The lawsuit, filed in the US District Court in Virginia, is one of the largest of its kind and is being filed on behalf of Project Honey Pot members in over 100 countries. Project Honey Pot is a service provided by Utah-based antispam company Unspam Technologies.
"If you've harvested e-mail addresses or sent spam in the last two years, chances are you're on our radar screen and we're coming after you," a note posted on the Project Honey Pot Web site said Thursday.
"This lawsuit is unique because we believe it is the first major case in the United States to bring a claim against spammers for harvesting e-mail addresses," the note said. "While this practice has been a penalty enhancement under the CAN-SPAM Act since it was passed, in most cases the data was not available in order to prove an address was harvested."

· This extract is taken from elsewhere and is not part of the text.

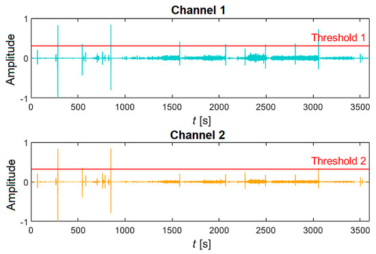 The first step involves loading the hourly recording (both channels) with a sampling frequency of 16 kHz into the InputData structure using the LoadAudioData function. If the recording exceeds 60 min, it is automatically shortened to the required number of samples (57.6 × 106 samples for both channels). Sleep sound signals commonly contain high peaks (e.g., door slamming) that need to be eliminated. The PeaksExtraction function, which has been designed and created, enables the interactive selection of a specific threshold value above which the signals will be clipped, Figure 7. If there are no peaks in the signal, this step can be skipped. Then, the modified signal undergoes filtering using a pair of digital finite impulse response (FIR) filters. The first filter is a low-pass filter with a cut-off frequency of 7.5 kHz, followed by a high-pass filter with a cut-off frequency of 100 Hz. The filter delay was determined using the “grpdelay” function, and the corresponding delay samples were removed from the records. Afterwards, a method called spectral subtraction is applied to suppress noise and improve the signal within the desired frequency band (100 Hz–7.5 kHz). Specifically, a multiband spectral subtraction algorithm, commonly used for enhancing speech signals, was utilized. Finally, the processing is visually inspected for accuracy, and relevant oscillograms and spectrograms are generated, as shown in Figure 8.

The case is being handled by Jon Praed, a founding partner of the Washington-based Internet Law Group, which has represented and won antispam lawsuits for clients such as Verizon Online and AOL in the past.
Project Honey Pot bills itself as a system for identifying spammers and the so-called spambots used by e-mail harvesters to scrape addresses from Web sites. Web site owners can install honey pot software on their sites that allows them to identify spam, as well as when the e-mail was harvested by the spammer - and the IP address of the harvester.
The defendants in the case are the "John Does" responsible for e-mail harvesting and spamming, Praed said. "Spammers are very good at hiding themselves. But what they can't hide are the data points that they use [for spamming]. We have got a lot of those data points."
Among the terabytes of data Project Honey Pot has collected are more than 6 million spam e-mails, 2.5 million IP addresses from which spam was sent and about 15,000 IP addresses belonging to e-mail harvesters.
The data will allow the plaintiffs to ask the court to subpoena ISPs for the identities of the owners of some of these IP addresses, Praed said. "We are going after the largest targets. The discovery will focus on the big fish. Some of these guys have made a big mistake. They have failed to use anonymity. If you are going to commit an Internet crime everything has to be anonymous."
Often in antispam litigation the biggest stumbling block is establishing the identity of the spammer, Praed said. "What they are engaged in is such inappropriate behaviour they usually can't defend themselves to anyone," once they are identified.
Unlike many other antispam initiatives, Project Honey Pot does a good job of gathering evidence against e-mail harvesters that will probably stand up in a court of law, said John Levine, chairman of the Internet Anti-Spam Research group. "They have an enormous database where they have evidence of those who collected e-mail addresses for spamming. Although spam comes from different places, in reality there are only a few who harvest addresses for spammers."
Going after such harvesters is a good tactic, he said. "The more expensive and risky we can make it for them the less spam" there will be.
The fact that Praed is representing the case is also a good sign, Levine said. "This looks like a good case. He wouldn't take this if he didn't think he could win."